Your goal
Write every entry out again, unchanged.
[Start of Attachment]
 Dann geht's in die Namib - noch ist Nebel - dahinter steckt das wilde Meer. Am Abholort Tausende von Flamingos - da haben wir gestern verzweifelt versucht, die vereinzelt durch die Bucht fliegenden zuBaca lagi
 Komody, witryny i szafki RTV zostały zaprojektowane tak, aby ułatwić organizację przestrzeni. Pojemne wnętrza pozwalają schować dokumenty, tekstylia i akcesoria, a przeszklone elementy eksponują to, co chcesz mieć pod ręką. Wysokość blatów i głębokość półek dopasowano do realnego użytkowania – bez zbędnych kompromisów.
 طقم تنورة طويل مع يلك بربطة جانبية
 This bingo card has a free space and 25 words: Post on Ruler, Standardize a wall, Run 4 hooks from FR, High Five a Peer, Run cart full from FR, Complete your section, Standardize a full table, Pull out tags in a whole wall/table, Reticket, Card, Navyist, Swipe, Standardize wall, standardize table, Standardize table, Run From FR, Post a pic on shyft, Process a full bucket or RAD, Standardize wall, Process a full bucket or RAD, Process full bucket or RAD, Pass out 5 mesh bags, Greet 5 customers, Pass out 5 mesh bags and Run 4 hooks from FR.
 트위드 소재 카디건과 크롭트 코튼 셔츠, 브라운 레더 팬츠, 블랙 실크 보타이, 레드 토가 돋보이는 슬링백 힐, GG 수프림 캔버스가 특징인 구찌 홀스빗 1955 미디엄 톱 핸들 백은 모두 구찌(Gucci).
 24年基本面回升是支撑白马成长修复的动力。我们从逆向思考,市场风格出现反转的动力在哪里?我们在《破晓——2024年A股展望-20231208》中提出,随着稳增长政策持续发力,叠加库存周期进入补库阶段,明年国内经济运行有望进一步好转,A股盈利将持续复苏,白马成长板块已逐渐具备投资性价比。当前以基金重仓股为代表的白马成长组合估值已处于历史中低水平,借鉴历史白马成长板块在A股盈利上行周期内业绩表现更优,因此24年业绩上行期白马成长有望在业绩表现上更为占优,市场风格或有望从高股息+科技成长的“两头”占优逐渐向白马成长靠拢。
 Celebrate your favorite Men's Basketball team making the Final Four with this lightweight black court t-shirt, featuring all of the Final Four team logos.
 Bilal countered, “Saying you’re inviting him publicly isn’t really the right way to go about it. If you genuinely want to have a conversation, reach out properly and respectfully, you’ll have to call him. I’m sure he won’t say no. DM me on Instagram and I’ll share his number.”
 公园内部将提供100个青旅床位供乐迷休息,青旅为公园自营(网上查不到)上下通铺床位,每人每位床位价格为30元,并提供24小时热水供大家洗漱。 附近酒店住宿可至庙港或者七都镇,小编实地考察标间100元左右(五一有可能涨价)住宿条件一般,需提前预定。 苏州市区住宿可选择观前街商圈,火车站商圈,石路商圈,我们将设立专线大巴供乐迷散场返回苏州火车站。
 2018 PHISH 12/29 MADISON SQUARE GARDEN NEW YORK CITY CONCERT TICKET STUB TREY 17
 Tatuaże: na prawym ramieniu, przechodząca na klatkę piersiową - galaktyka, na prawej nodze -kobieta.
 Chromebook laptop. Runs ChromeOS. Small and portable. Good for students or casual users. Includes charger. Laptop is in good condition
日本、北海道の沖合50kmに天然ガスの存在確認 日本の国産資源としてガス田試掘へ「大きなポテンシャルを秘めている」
[End of Attachment]
Exercise result
 Dann geht's in die Namib - noch ist Nebel - dahinter steckt das wilde Meer. Am Abholort Tausende von Flamingos - da haben wir gestern verzweifelt versucht, die vereinzelt durch die Bucht fliegenden zuBaca lagi
 Komody, witryny i szafki RTV zostały zaprojektowane tak, aby ułatwić organizację przestrzeni. Pojemne wnętrza pozwalają schować dokumenty, tekstylia i akcesoria, a przeszklone elementy eksponują to, co chcesz mieć pod ręką. Wysokość blatów i głębokość półek dopasowano do realnego użytkowania – bez zbędnych kompromisów.
 طقم تنورة طويل مع يلك بربطة جانبية
 This bingo card has a free space and 25 words: Post on Ruler, Standardize a wall, Run 4 hooks from FR, High Five a Peer, Run cart full from FR, Complete your section, Standardize a full table, Pull out tags in a whole wall/table, Reticket, Card, Navyist, Swipe, Standardize wall, standardize table, Standardize table, Run From FR, Post a pic on shyft, Process a full bucket or RAD, Standardize wall, Process a full bucket or RAD, Process full bucket or RAD, Pass out 5 mesh bags, Greet 5 customers, Pass out 5 mesh bags and Run 4 hooks from FR.
 트위드 소재 카디건과 크롭트 코튼 셔츠, 브라운 레더 팬츠, 블랙 실크 보타이, 레드 토가 돋보이는 슬링백 힐, GG 수프림 캔버스가 특징인 구찌 홀스빗 1955 미디엄 톱 핸들 백은 모두 구찌(Gucci).
 24年基本面回升是支撑白马成长修复的动力。我们从逆向思考,市场风格出现反转的动力在哪里?我们在《破晓——2024年A股展望-20231208》中提出,随着稳增长政策持续发力,叠加库存周期进入补库阶段,明年国内经济运行有望进一步好转,A股盈利将持续复苏,白马成长板块已逐渐具备投资性价比。当前以基金重仓股为代表的白马成长组合估值已处于历史中低水平,借鉴历史白马成长板块在A股盈利上行周期内业绩表现更优,因此24年业绩上行期白马成长有望在业绩表现上更为占优,市场风格或有望从高股息+科技成长的“两头”占优逐渐向白马成长靠拢。
 Celebrate your favorite Men's Basketball team making the Final Four with this lightweight black court t-shirt, featuring all of the Final Four team logos.
 Bilal countered, “Saying you’re inviting him publicly isn’t really the right way to go about it. If you genuinely want to have a conversation, reach out properly and respectfully, you’ll have to call him. I’m sure he won’t say no. DM me on Instagram and I’ll share his number.”
 公园内部将提供100个青旅床位供乐迷休息,青旅为公园自营(网上查不到)上下通铺床位,每人每位床位价格为30元,并提供24小时热水供大家洗漱。 附近酒店住宿可至庙港或者七都镇,小编实地考察标间100元左右(五一有可能涨价)住宿条件一般,需提前预定。 苏州市区住宿可选择观前街商圈,火车站商圈,石路商圈,我们将设立专线大巴供乐迷散场返回苏州火车站。
 2018 PHISH 12/29 MADISON SQUARE GARDEN NEW YORK CITY CONCERT TICKET STUB TREY 17
 Tatuaże: na prawym ramieniu, przechodząca na klatkę piersiową - galaktyka, na prawej nodze -kobieta.
 Chromebook laptop. Runs ChromeOS. Small and portable. Good for students or casual users. Includes charger. Laptop is in good condition
日本、北海道の沖合50kmに天然ガスの存在確認 日本の国産資源としてガス田試掘へ「大きなポテンシャルを秘めている」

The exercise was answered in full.